- [Data extract]:
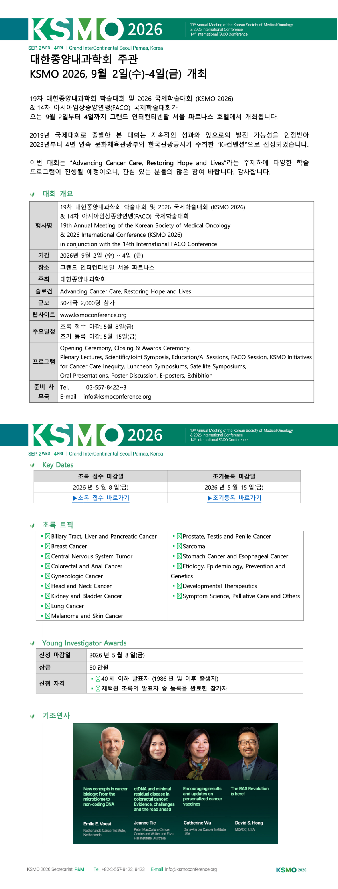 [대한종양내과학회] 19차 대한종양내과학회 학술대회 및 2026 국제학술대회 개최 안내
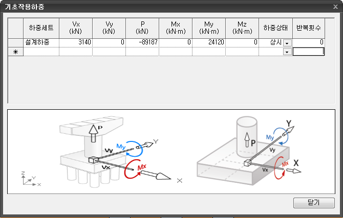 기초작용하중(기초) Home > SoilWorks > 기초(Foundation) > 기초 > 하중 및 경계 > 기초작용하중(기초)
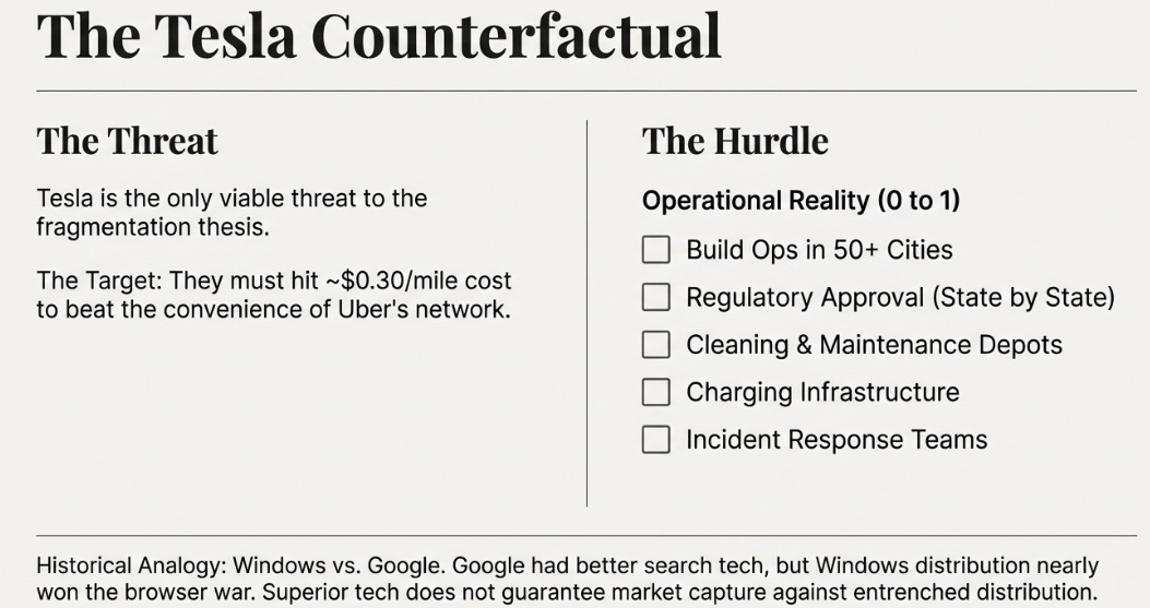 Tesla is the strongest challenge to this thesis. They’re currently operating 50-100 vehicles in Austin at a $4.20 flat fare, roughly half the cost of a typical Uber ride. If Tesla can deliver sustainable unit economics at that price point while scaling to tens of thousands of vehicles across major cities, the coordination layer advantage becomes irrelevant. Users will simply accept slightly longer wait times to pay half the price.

- [What needs to be done]: Leave out the pictures and give the listing above again exactly.

- [Result of this task]:
 [대한종양내과학회] 19차 대한종양내과학회 학술대회 및 2026 국제학술대회 개최 안내
 기초작용하중(기초) Home > SoilWorks > 기초(Foundation) > 기초 > 하중 및 경계 > 기초작용하중(기초)
 Tesla is the strongest challenge to this thesis. They’re currently operating 50-100 vehicles in Austin at a $4.20 flat fare, roughly half the cost of a typical Uber ride. If Tesla can deliver sustainable unit economics at that price point while scaling to tens of thousands of vehicles across major cities, the coordination layer advantage becomes irrelevant. Users will simply accept slightly longer wait times to pay half the price.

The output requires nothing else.